(Dataset excerpts)
* * * * *

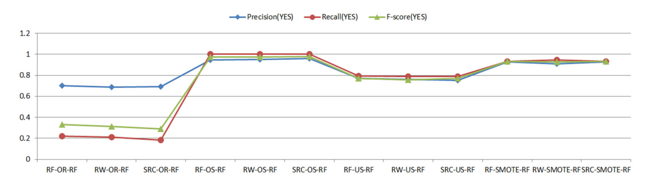
Figure 2. The precision (YES), recall (YES) and F-score (YES) of the combined models
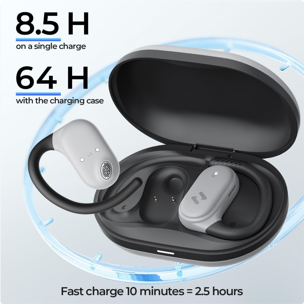
Image: The havit OWS915 headphones in their charging case, highlighting the 8.5 hours of playtime per charge and 64 hours total with the case.
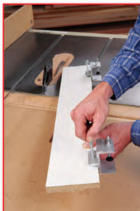
NEW COLOR SHOWN
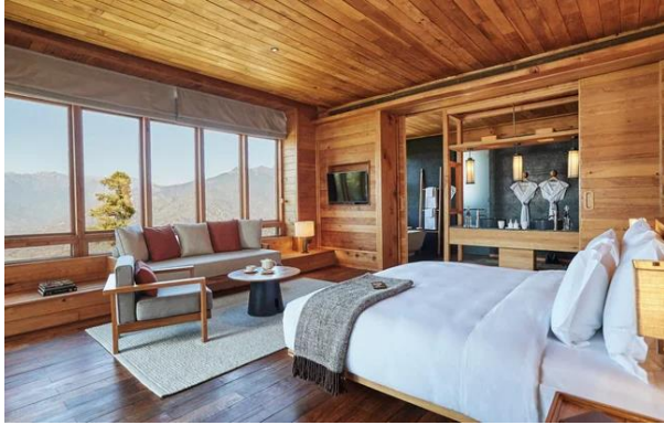
One Bedroom Villa
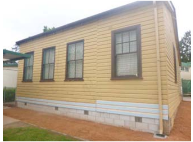
New downpipe, drain, foundations, blocks, and weatherboards on the old school building

I wish all the Museum volunteers, 'Friends of the Museum', supporters and visitors a very merry and safe Christmas and a happy new year.
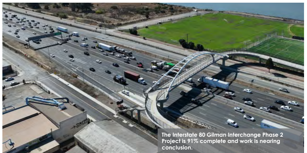
The Interstate 80 Gilman Interchange Phase 2 Project is 91% complete and work is nearing conclusion.
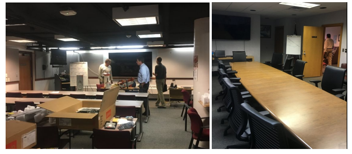
Union Road Meeting Room & Overflow Room

Main Street Meeting Room & Overflow Room
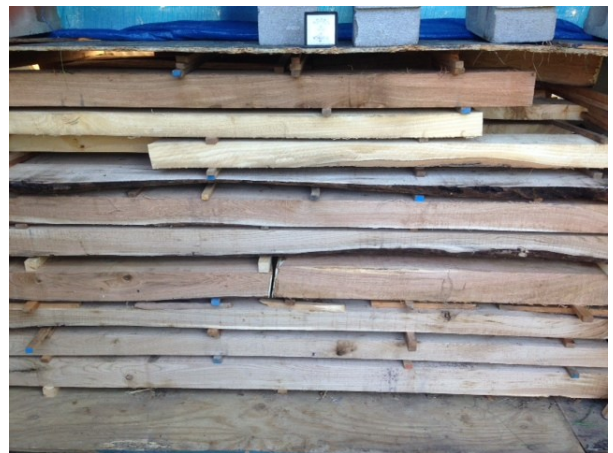
Stacked in the kiln, lots of odd size chunks make stacking a chore. Probably last kiln run for 2013
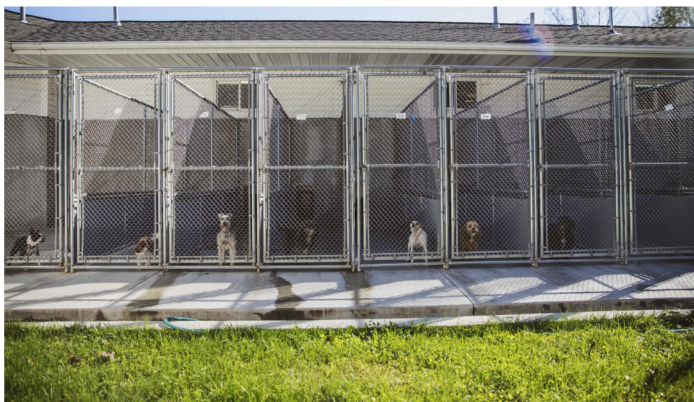
Above are examples of kennels that provide dogs with a choice to move between indoor and outdoor sides of their enclosures. This can help reduce stress and improve their physical and behavioral health.

The size of the shelter was adequate in 1989 but no longer meets the needs of our growing community. When we had the current shelter evaluated, we
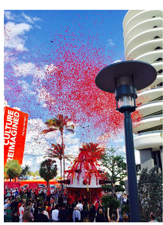
"Pelican Passage" float by Carlos Betancourt.

Another big hit of the parade—accompanied by music composed and performed live by the avantgarde musician <a href="Arto Lindsay">Arto Lindsay</a> (<a href="http://artolindsay.com/">http://artolindsay.com/</a>)—was the huge wedding cake shaped float called "Pelican Passage" by Miami artist <a href="Carlos Betancourt">Carlos Betancourt</a> (<a href="http://www.carlosbetancourt.com/">http://www.carlosbetancourt.com/</a>). Topped with a golden pelican and trailing red vinyl streamers and feathers, the float shot out confetti and lottery tickets to the oohs and ahhs of the crowd as it made its way up the street.
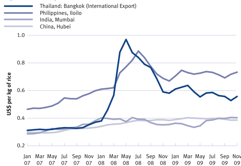
Figure 2: Rice price variation in Asia
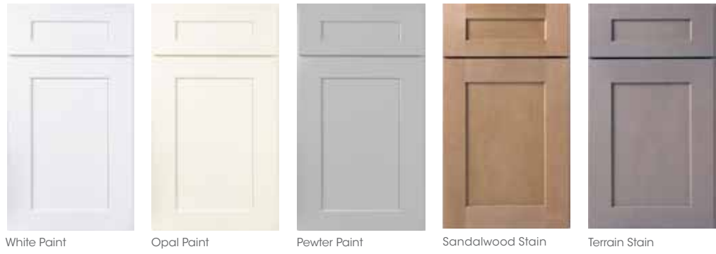
White Paint Opal Paint Pewter Paint Sandalwood Stain Terrain Stain

Featuring a full-overlay, five-piece shaker style with an unmatched finish quality, Grove makes a sophisticated statement in any setting.
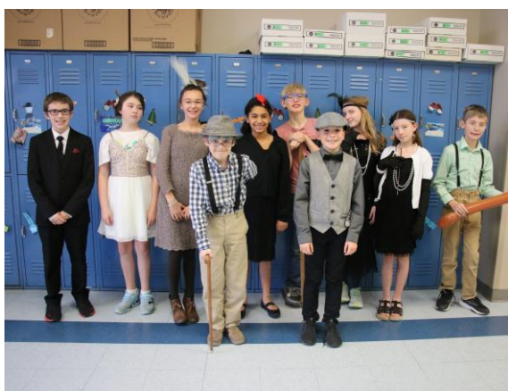
Our awesome students enjoyed dressing up for the 100 days of school.
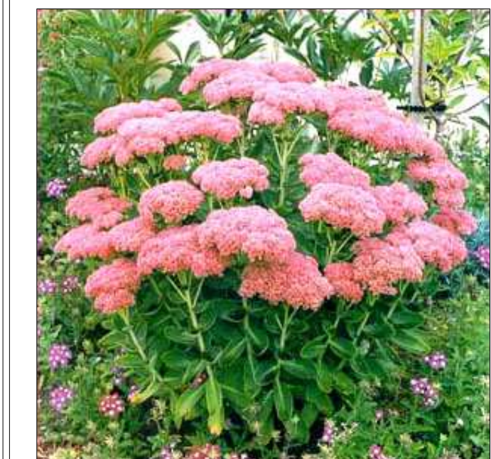
Autumn Joy Sedum 2' mature height
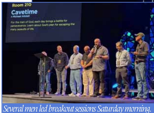
Several men led breakout sessions Saturday morning.
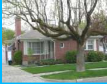
1222 S 1900 EAST A
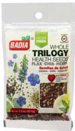
TRILOGY HEALTH SEEDS - 00080 12/1.5 OZ
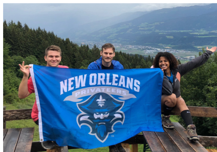
The program offers many field trips and activities with opportunities to hike the mountains around Innsbruck.
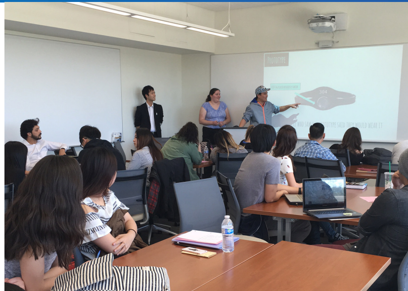
Hospitality Management students use projection interactivity features of IDEA screens in one of the CCHM instructional support rooms.

There isn't a clear front or back to the nontraditional classrooms in the Marriott Learning Center. Instead, the instructor is aided by the AV technology seamlessly integrated into an open and changeable floorplan. Three walls feature the IDEA Panoramic screens. The fourth wall is a manually operated air door that can be opened to reveal space that mirrors the layout on the other side. Depending on class size and needs, either three or six IDEA Panoramic screens can be utilized at one time.

* * * * *

What the task asks - Review the preceding data and report every line that includes the string "float".

Response below -
"Pelican Passage" float by Carlos Betancourt.
Another big hit of the parade—accompanied by music composed and performed live by the avantgarde musician <a href="Arto Lindsay">Arto Lindsay</a> (<a href="http://artolindsay.com/">http://artolindsay.com/</a>)—was the huge wedding cake shaped float called "Pelican Passage" by Miami artist <a href="Carlos Betancourt">Carlos Betancourt</a> (<a href="http://www.carlosbetancourt.com/">http://www.carlosbetancourt.com/</a>). Topped with a golden pelican and trailing red vinyl streamers and feathers, the float shot out confetti and lottery tickets to the oohs and ahhs of the crowd as it made its way up the street.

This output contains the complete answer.